Supplied entries —
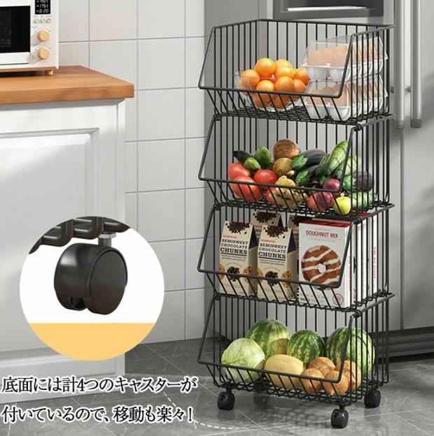 キッチンワゴン キャスター付き 3段 ランドリーワゴン バスケット 4段 ワゴン クローゼット 収納 棚 パントリー 収納ケース 新生活 衣料収納 押入れ収納 衣装ケース
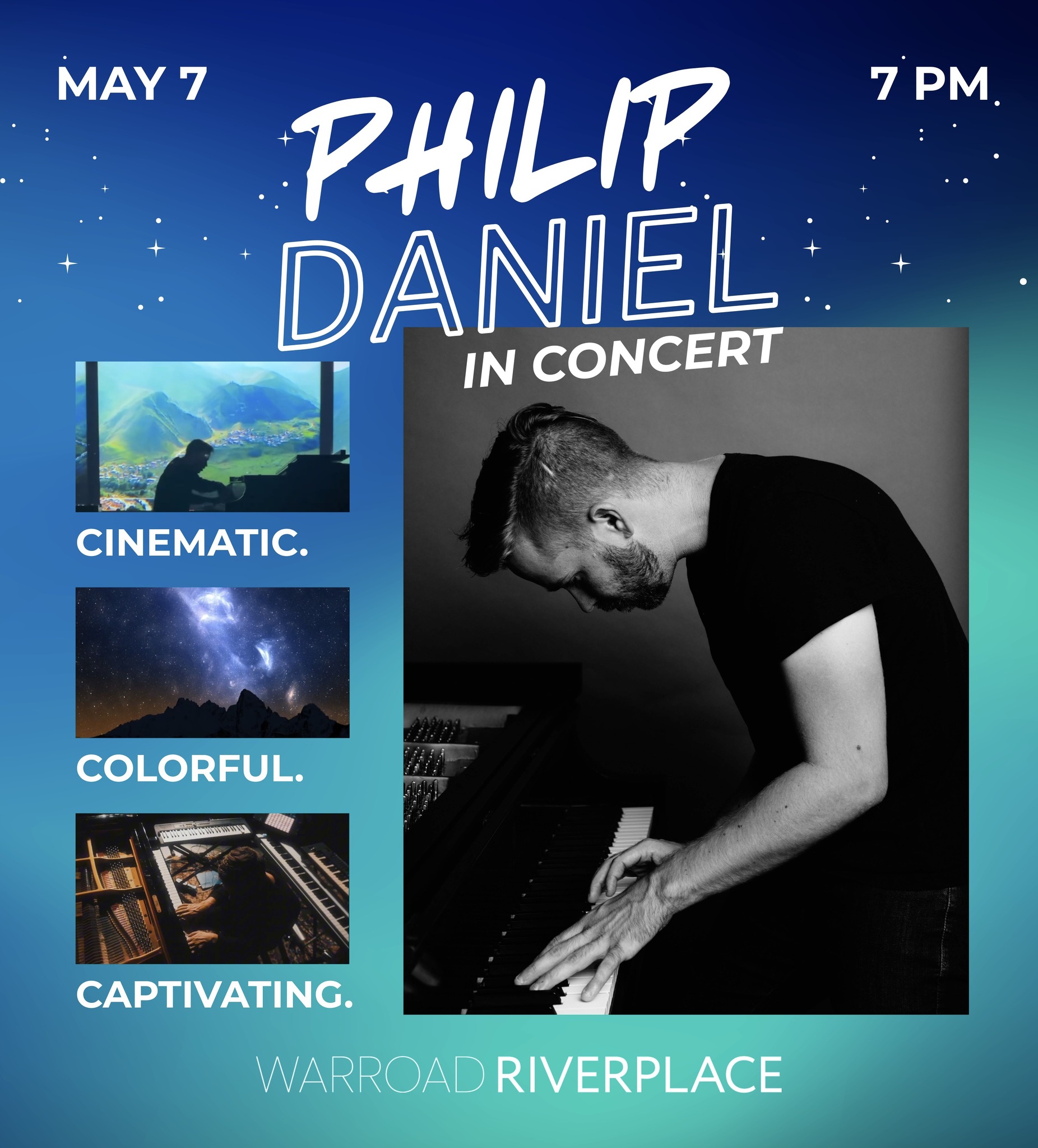 Pianist and composer Philip Daniel transforms live music into an immersive journey, blending original piano compositions, electronics, and subtle percussion with a stunning digital visual display. As he performs, RiverPlace will come alive with waves of color and cinematic imagery, inviting the audience to fully experience the performance. Rooted in classical training and shaped by modern film and minimalism, his music is both powerful and deeply evocative, creating an atmosphere that stays with you long after the final note.
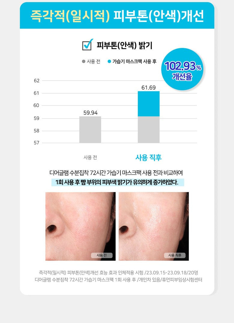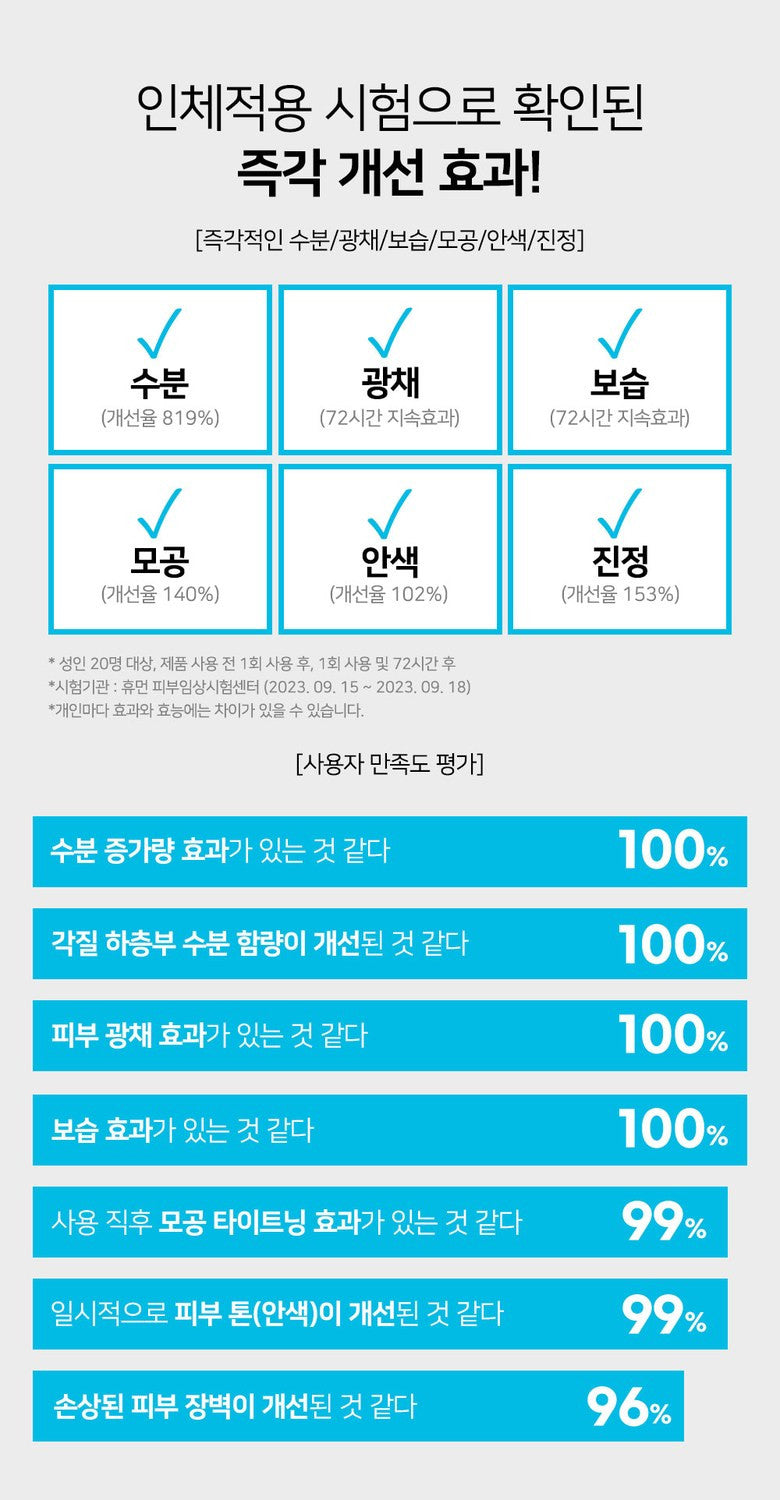 Experience immediate improvements in moisture, glow, hydration, pores, complexion, and soothing effects confirmed through human application tests.
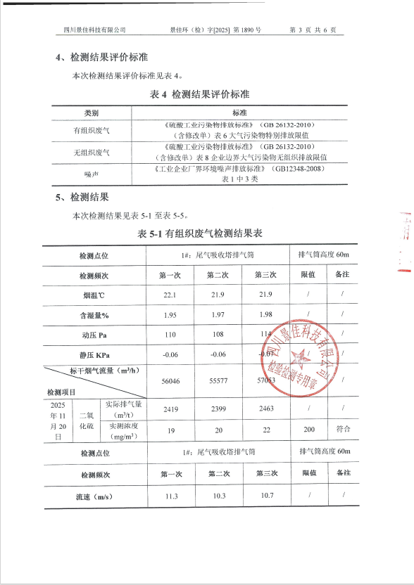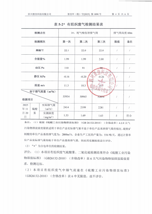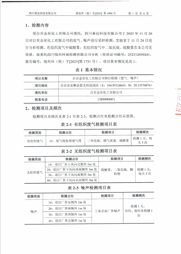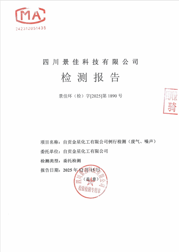自貢金星化工有限公司自行監(jiān)測2025年報告
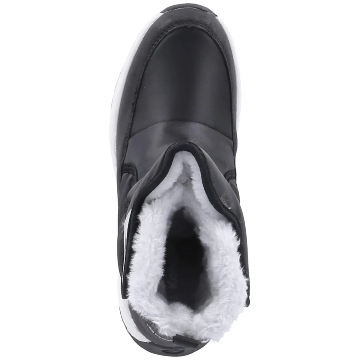 Der Snowboot K-PE BELLE RTX von Kangaroos begleitet kleine Entdecker zuverlässig durch nasse und kalte Tage. Das Obermaterial aus Textil und Synthetik ist wasserfest und zugleich atmungsaktiv, während das warme Kunstfellfutter ein behagliches Klima bewahrt. Ein gepolsterter Einstieg und die rund geformte Spitze sorgen für Komfort, die flexible, rutschhemmende Profilsohle gibt Halt auf glatten Wegen. Der bequeme Klettverschluss erleichtert das An- und Ausziehen und der verstärkte Zehen- und Fersenbereich erhöht die Robustheit im Alltag. Die gepolsterte, herausnehmbare Decksohle unterstützt den Fuß und lässt sich zum Trocknen einfach entnehmen. Optisch überzeugt das schwarze Design mit neongelben Highlights. Der Schuh fällt normal aus und eignet sich ideal für den Schulweg wie für den Spielplatz. Modetipp: Mit Softshellhose und wattierter Jacke in Schwarz wirkt der Look modern; passende Accessoires in Neon greifen die Akzente auf.
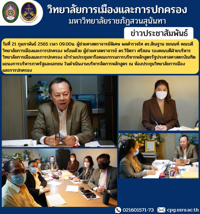 On February 21, 2022 at 9:00 a.m., Assistant Professor Lt. Gen. Santhan Chayanon, Dean of the College of Politics and Administration, together with Assistant Professor Dr. Vichitra Srison, Associate Dean for Administration College of Politics and Governance Attended the meeting to discuss the Board of Directors of the Bachelor of Public Administration Program Public and private administration fields in the course management work at the conference room of the College of Politics and Administration.
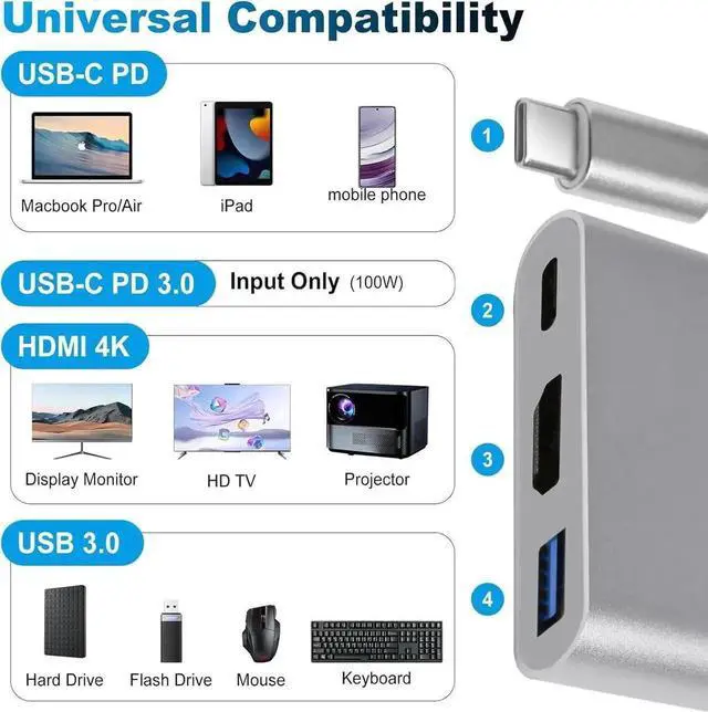 HDMI Adapter: The QAJOPFN USB C to HDMI Adapter is a superior product that integrates an HDMI 4K@30Hz output port a PD charging port (charging function only) and a USB-A 3.0 port. You can easily mirror your iPhone or iPad screen to TVs projectors and monitors to enhance your home theater experience improve office productivity and facilitate travel and many other uses. Ultra HD 4K
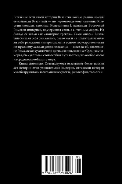 История Византии берет начало в IV веке. Возникнув в результате глубокого кризиса Римской империи, она превратилась в одно из самых могущественных государств Средневековья и более тысячи лет занимала особое положение между восточным и западным миром. Известный исследователь-византинист, автор книг Дионисий Статакопулос показывает развитие Византии с момента раздела Римской империи до самого падения Константинополя в 1453 году, выделяя основные этапы в ее поразительной и неоднозначной истории. Особое внимание уделяется историческому фону, на котором Византия достигла своего расцвета, и наследию, оставленному долгой историей этого государства. Статакопулос глубоко анализирует политические события, экономику, социальную систему, культуру Византийской империи и причины, по которым она стала центром искусств, теологии, образования на многие века вперед.
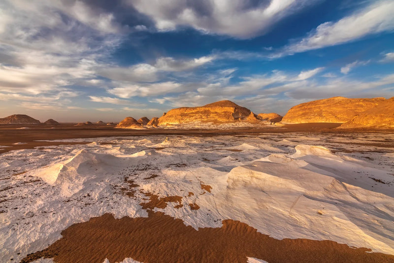 Plongez dans l'évasion avec notre papier peint désert blanc égyptien, une œuvre d'art murale qui transfigurera vos espaces intérieurs en un havre de paix et de majesté. Ce décor panoramique, inspiré par le réalisme photographique, capture avec une précision saisissante les formations rocheuses dorées et les dunes blanches sculptées par le vent, sous un ciel azur nuageux. Idéal pour les chambres à coucher, ce motif apportera une ambiance sereine et grandiose, transformant votre pièce en un sanctuaire de tranquillité. Les teintes chaudes et les textures naturelles du désert égyptien créeront une atmosphère apaisante, propice à la relaxation et à la méditation.
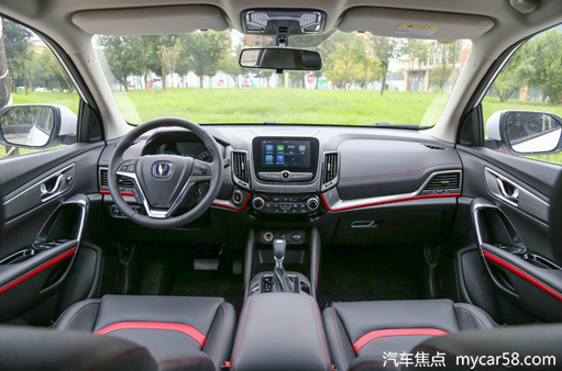 长安CS55内饰同样是黑红搭配的颜色,并采用仿碳纤维的装饰条。8英寸的悬浮式中央屏幕,对于整个中控台视觉效果的提升明显,加上智能手机式的界面设计,菜单分类也比较清晰,值得称赞。
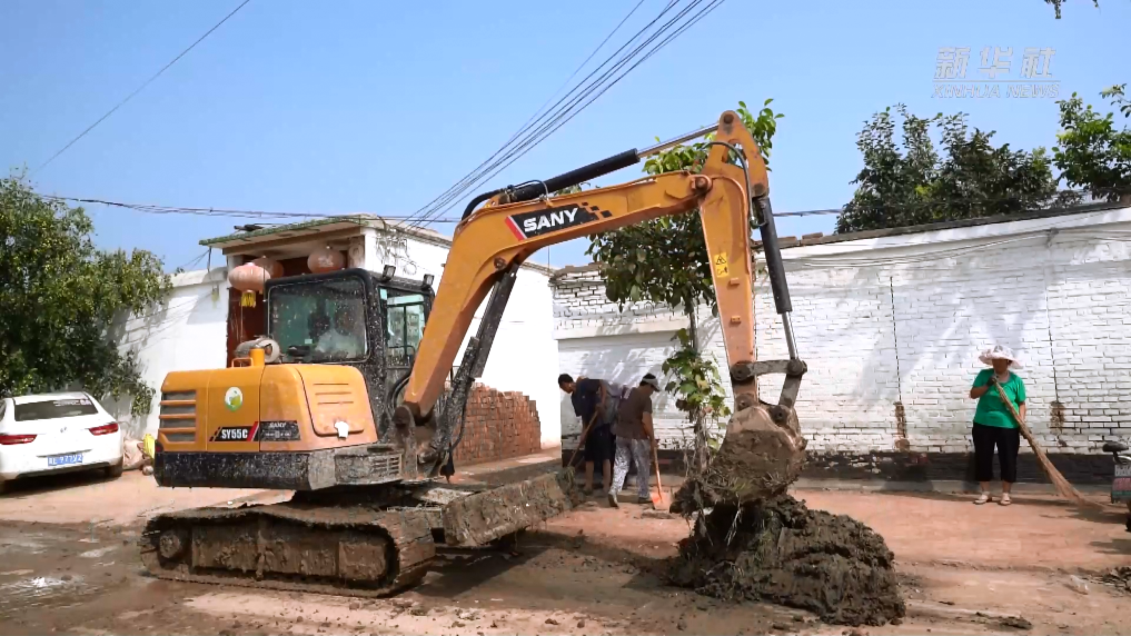 8月8日,在宁晋县河渠镇河渠村,街道清淤已经进入尾声。

Work to be completed — Leave the pictures out. Otherwise, output the listing above exactly.

Task solution —
 キッチンワゴン キャスター付き 3段 ランドリーワゴン バスケット 4段 ワゴン クローゼット 収納 棚 パントリー 収納ケース 新生活 衣料収納 押入れ収納 衣装ケース
 Pianist and composer Philip Daniel transforms live music into an immersive journey, blending original piano compositions, electronics, and subtle percussion with a stunning digital visual display. As he performs, RiverPlace will come alive with waves of color and cinematic imagery, inviting the audience to fully experience the performance. Rooted in classical training and shaped by modern film and minimalism, his music is both powerful and deeply evocative, creating an atmosphere that stays with you long after the final note.
 Experience immediate improvements in moisture, glow, hydration, pores, complexion, and soothing effects confirmed through human application tests.
自貢金星化工有限公司自行監(jiān)測2025年報告
 Der Snowboot K-PE BELLE RTX von Kangaroos begleitet kleine Entdecker zuverlässig durch nasse und kalte Tage. Das Obermaterial aus Textil und Synthetik ist wasserfest und zugleich atmungsaktiv, während das warme Kunstfellfutter ein behagliches Klima bewahrt. Ein gepolsterter Einstieg und die rund geformte Spitze sorgen für Komfort, die flexible, rutschhemmende Profilsohle gibt Halt auf glatten Wegen. Der bequeme Klettverschluss erleichtert das An- und Ausziehen und der verstärkte Zehen- und Fersenbereich erhöht die Robustheit im Alltag. Die gepolsterte, herausnehmbare Decksohle unterstützt den Fuß und lässt sich zum Trocknen einfach entnehmen. Optisch überzeugt das schwarze Design mit neongelben Highlights. Der Schuh fällt normal aus und eignet sich ideal für den Schulweg wie für den Spielplatz. Modetipp: Mit Softshellhose und wattierter Jacke in Schwarz wirkt der Look modern; passende Accessoires in Neon greifen die Akzente auf.
 On February 21, 2022 at 9:00 a.m., Assistant Professor Lt. Gen. Santhan Chayanon, Dean of the College of Politics and Administration, together with Assistant Professor Dr. Vichitra Srison, Associate Dean for Administration College of Politics and Governance Attended the meeting to discuss the Board of Directors of the Bachelor of Public Administration Program Public and private administration fields in the course management work at the conference room of the College of Politics and Administration.
 HDMI Adapter: The QAJOPFN USB C to HDMI Adapter is a superior product that integrates an HDMI 4K@30Hz output port a PD charging port (charging function only) and a USB-A 3.0 port. You can easily mirror your iPhone or iPad screen to TVs projectors and monitors to enhance your home theater experience improve office productivity and facilitate travel and many other uses. Ultra HD 4K
 История Византии берет начало в IV веке. Возникнув в результате глубокого кризиса Римской империи, она превратилась в одно из самых могущественных государств Средневековья и более тысячи лет занимала особое положение между восточным и западным миром. Известный исследователь-византинист, автор книг Дионисий Статакопулос показывает развитие Византии с момента раздела Римской империи до самого падения Константинополя в 1453 году, выделяя основные этапы в ее поразительной и неоднозначной истории. Особое внимание уделяется историческому фону, на котором Византия достигла своего расцвета, и наследию, оставленному долгой историей этого государства. Статакопулос глубоко анализирует политические события, экономику, социальную систему, культуру Византийской империи и причины, по которым она стала центром искусств, теологии, образования на многие века вперед.
 Plongez dans l'évasion avec notre papier peint désert blanc égyptien, une œuvre d'art murale qui transfigurera vos espaces intérieurs en un havre de paix et de majesté. Ce décor panoramique, inspiré par le réalisme photographique, capture avec une précision saisissante les formations rocheuses dorées et les dunes blanches sculptées par le vent, sous un ciel azur nuageux. Idéal pour les chambres à coucher, ce motif apportera une ambiance sereine et grandiose, transformant votre pièce en un sanctuaire de tranquillité. Les teintes chaudes et les textures naturelles du désert égyptien créeront une atmosphère apaisante, propice à la relaxation et à la méditation.
 长安CS55内饰同样是黑红搭配的颜色,并采用仿碳纤维的装饰条。8英寸的悬浮式中央屏幕,对于整个中控台视觉效果的提升明显,加上智能手机式的界面设计,菜单分类也比较清晰,值得称赞。
 8月8日,在宁晋县河渠镇河渠村,街道清淤已经进入尾声。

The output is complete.